The use of botulinum toxin in the fields of neurology and PRM is common. A previous pharmacovigilance study reports that neurological complications related to botulinum toxin are often serious, but with good prognosis. The aim of this study is to provide a more precise description of the clinical context of these complications, with reference to the context of dose or drug change.

Design:

A nationwide pharmacovigilance study of all neurologic adverse drug reactions (ADRs) related to use of botulinum toxins in France in the fields of neurology and PRM between 1994 and 2024.

Results:

In total, 204 people with systemic neurologic complications (ie, distant from the injection site) and 66 with local complications were included.

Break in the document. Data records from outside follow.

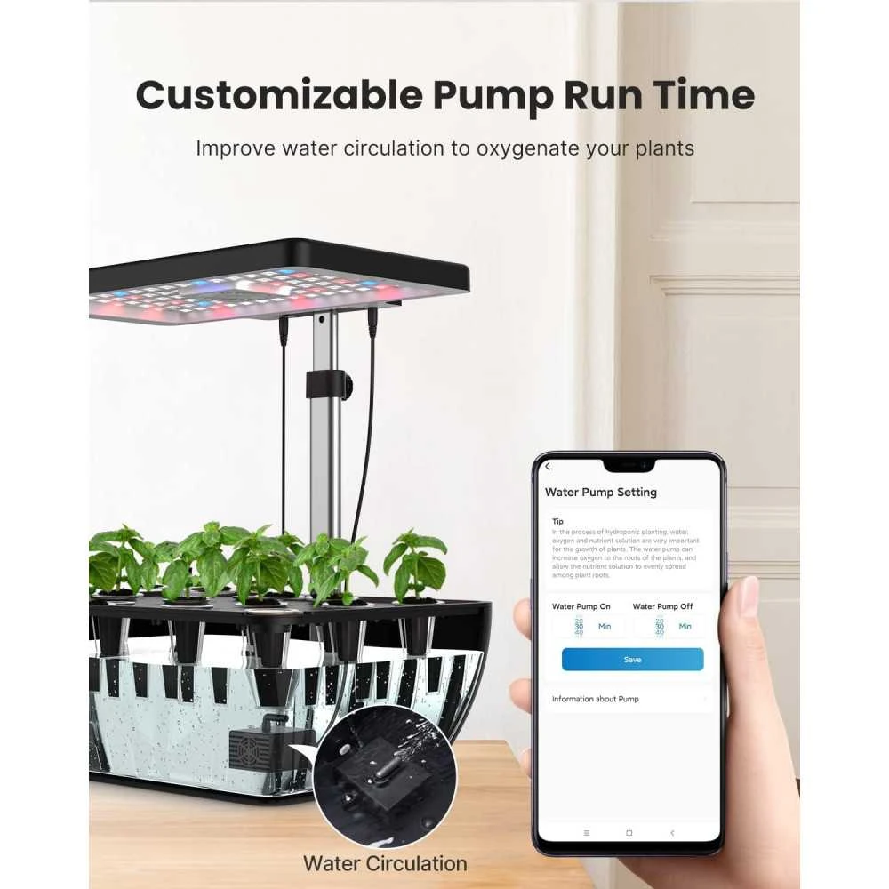WiFi Enabled with App Control: Pair the hydroponics growing system with the “Gennec” app using WiFi to remotely control your hydroponics system at any distance. Freely adjust the light time to fit for day shifters or night workers. Adjust the fan and pump runtime according to the different growth stages of your plant. Keep a diary for your plants to make important notes and better experience the joy of planting. (Only compatible with 2.4GHz Network).
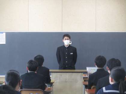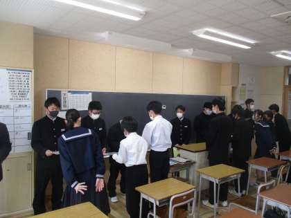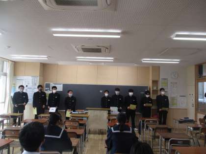 卒業式を来週に控え、陸上競技部の[部活動お別れ会]が開催されました。1・2年生からは、練習での優しく丁寧に教えてもらったことや、大会や学校瀬活での活躍への賞賛が述べられ、記念の色紙を送りました。卒業する9名の3年生は、一人一人、部活動や仲間との思い出や、後輩へのアドバイスが述べられました。
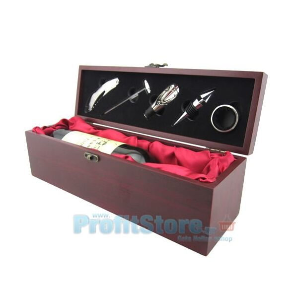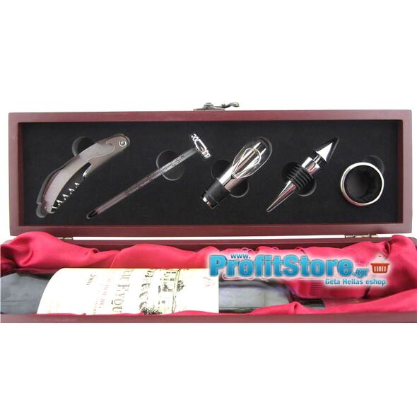 Σετ Κρασιού σε Πολυτελή Ξύλινη Θήκη με 5 Αξεσουάρ Εργαλεία
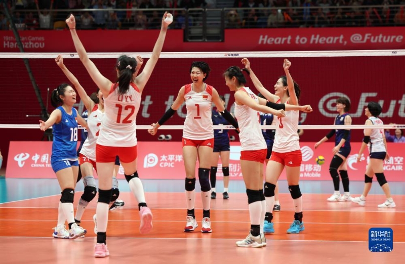 當(dāng)日,在杭州亞運(yùn)會女子排球決賽中,中國隊以3比0戰(zhàn)勝日本隊,獲得冠軍。
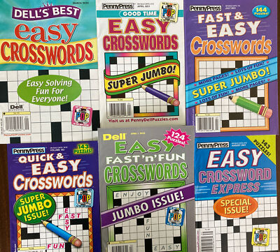 Lot of 6 Dell Penny Press Easy Crossword Puzzle Books Express Fun Quick
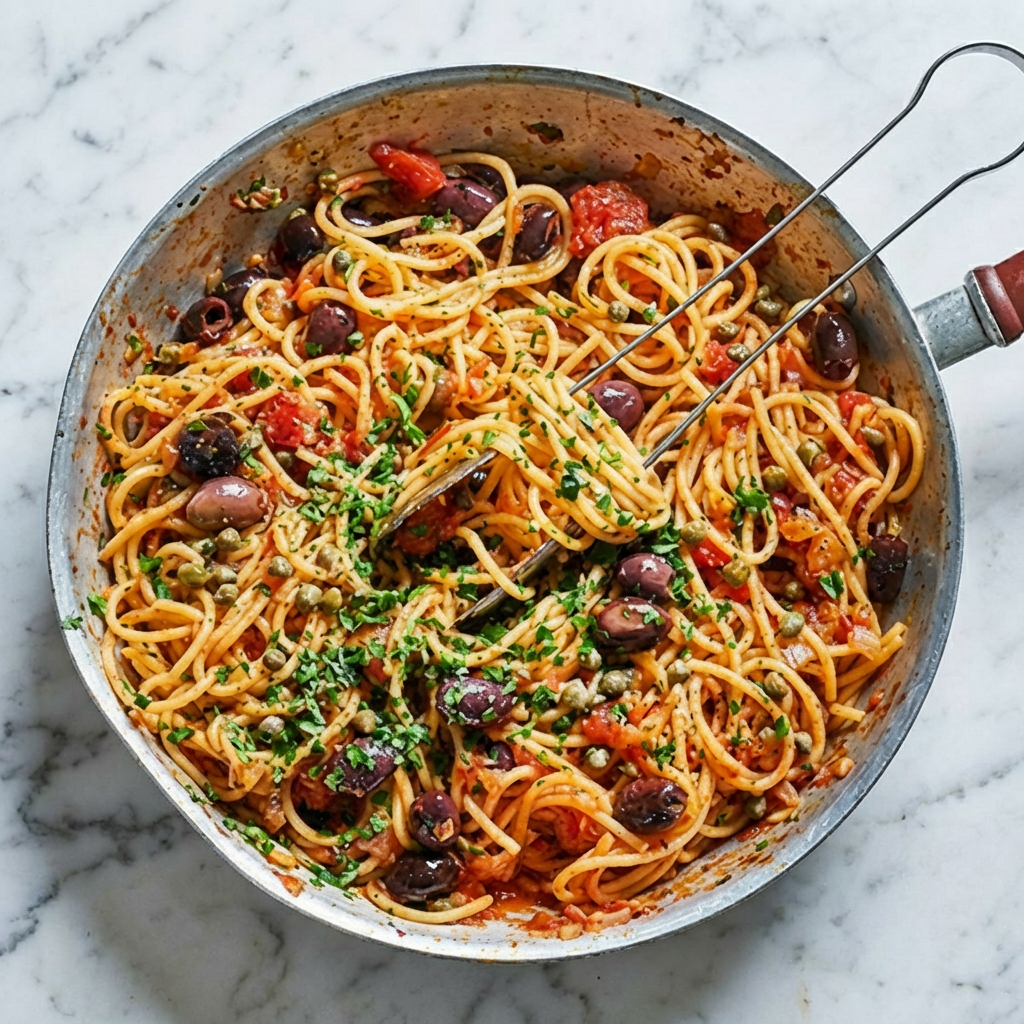 - Serve immediately—Pasta Puttanesca is best fresh; reheating can intensify the saltiness.
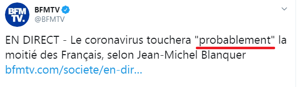 Il semble préférable de mettre à sac les économies nationales.Ce qui n'a jamais été fait pour les épidémies de grippes. Combien de magasins vont survivre à la fermeture ? Comment les gens vont -ils payer leur facture, vivre, s'ils sont au chômage ? Ce sont des questions indécentes face à ce que représente coronavirus! Il faut le combattre. Tous les efforts, tous les esprits ne doivent être occupés que de cela. Quelle indécence d'oser encore manifester contre la réforme des retraites. Quelle indédence, en principe, d'oser encore s'opposer lorsque la patrie est en danger. On vous l'a dit: « probablement » la moitié de la population française peut être touchée Combien de morts « probables » ? Un million, plus ? De la guerre mondiale, nous sommes passés à la guerre globale, celle du coronavirus, avant que l'on en trouve un autre (ils sont légion). Alors quelle mesquinerie d'oser encore remettre en cause la globalisation et la politique de Macron, qui l'intègre à marche forcée dans notre pays.
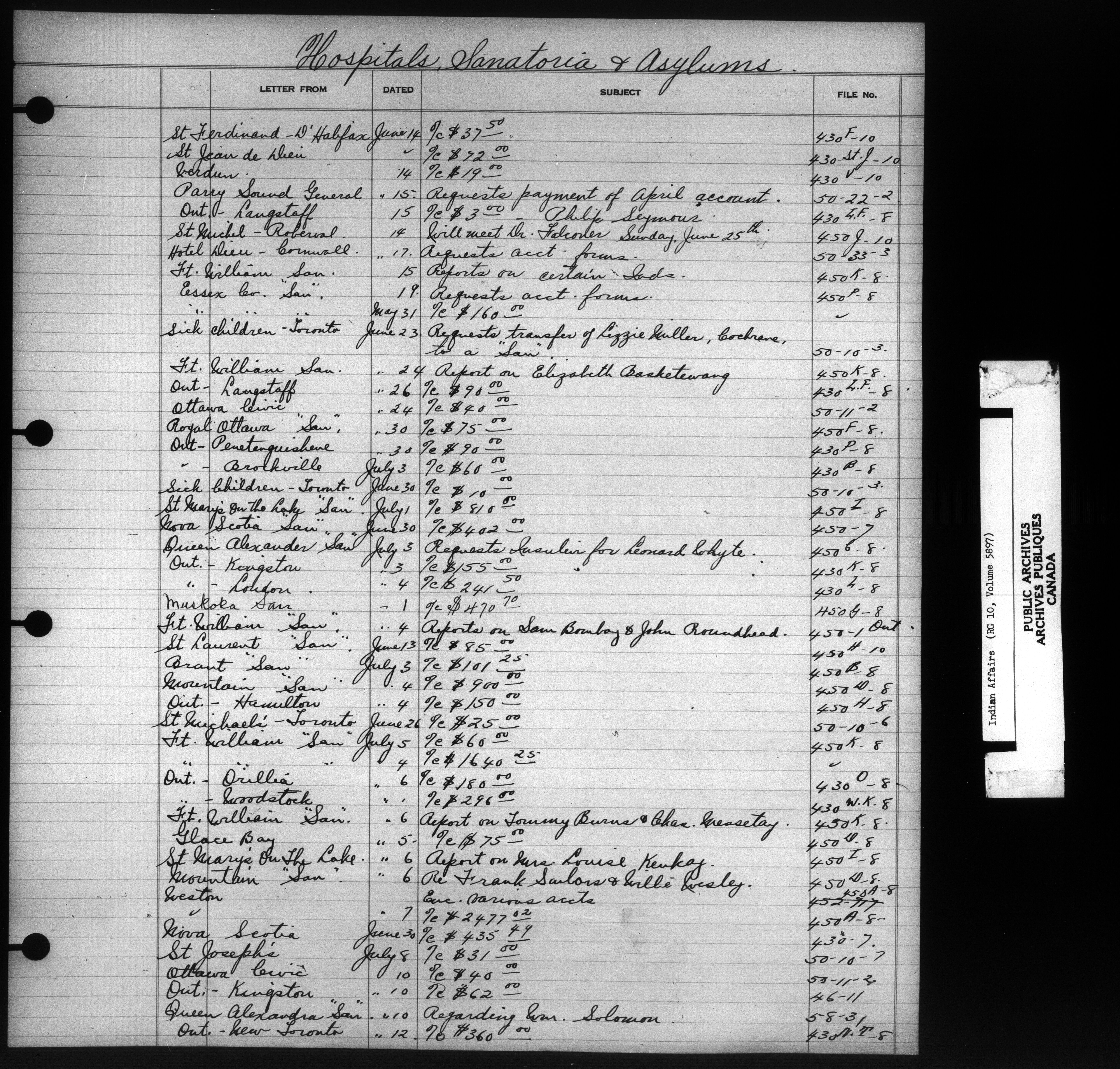 Department of Indian Affairs, Headquarters central registry system :registers, indices and indexed registers : C-10928

Median (IQR) age was 54 (39;66) years, and 155 (57%) were women. The most frequent cases were systemic complications following injections for spasticity (154/270; 57%) and for detrusor overactivity (25/270; 9%). In 32% of cases, patients treated for spasticity already had a complication during a previous injection; and 31% of cases if the treatment was for detrusor overactivity. Sixty-seven percent of systemic complications after injection for spasticity were associated with a dose change (MD: 52%). In case of no dose change, systemic complications were associated with a drug change in 23% of injections for spasticity (MD: 32%), and in 22% of injections for detrusor overactivity (MD: 18%).

Conclusion:

In this pharmacovigilance study, systemic neurologic complications occurring after a botulinum toxin injection were mostly associated with a dose change.